§ Task data

BEGIN

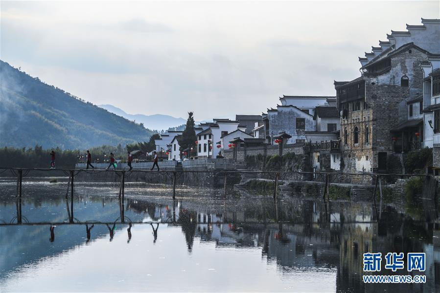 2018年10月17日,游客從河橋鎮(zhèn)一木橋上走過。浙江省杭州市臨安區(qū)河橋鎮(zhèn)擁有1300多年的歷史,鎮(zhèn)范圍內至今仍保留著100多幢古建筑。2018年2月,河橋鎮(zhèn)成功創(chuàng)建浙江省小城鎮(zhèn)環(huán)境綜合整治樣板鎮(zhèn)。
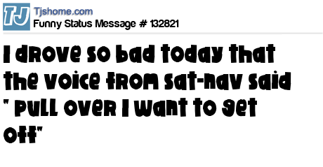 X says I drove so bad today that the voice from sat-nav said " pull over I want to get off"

END
BEGIN

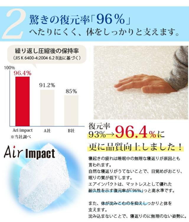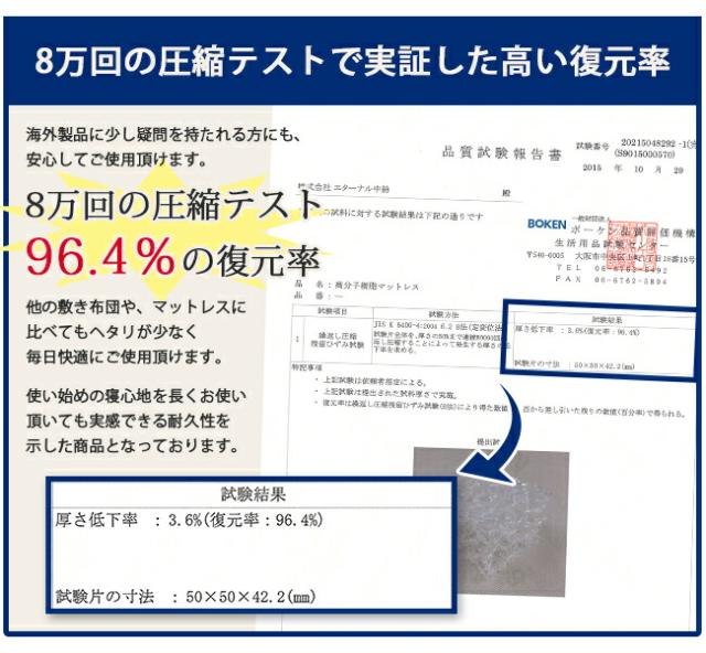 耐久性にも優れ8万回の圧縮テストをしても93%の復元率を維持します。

END

§ Description of the task
Could you repeat, exactly, only the lines above starting at the one that has "2018年10月17日,游客" and stopping after the one that has "X says I drove", without the pictures?

§ Reply to the task
 2018年10月17日,游客從河橋鎮(zhèn)一木橋上走過。浙江省杭州市臨安區(qū)河橋鎮(zhèn)擁有1300多年的歷史,鎮(zhèn)范圍內至今仍保留著100多幢古建筑。2018年2月,河橋鎮(zhèn)成功創(chuàng)建浙江省小城鎮(zhèn)環(huán)境綜合整治樣板鎮(zhèn)。
 X says I drove so bad today that the voice from sat-nav said " pull over I want to get off"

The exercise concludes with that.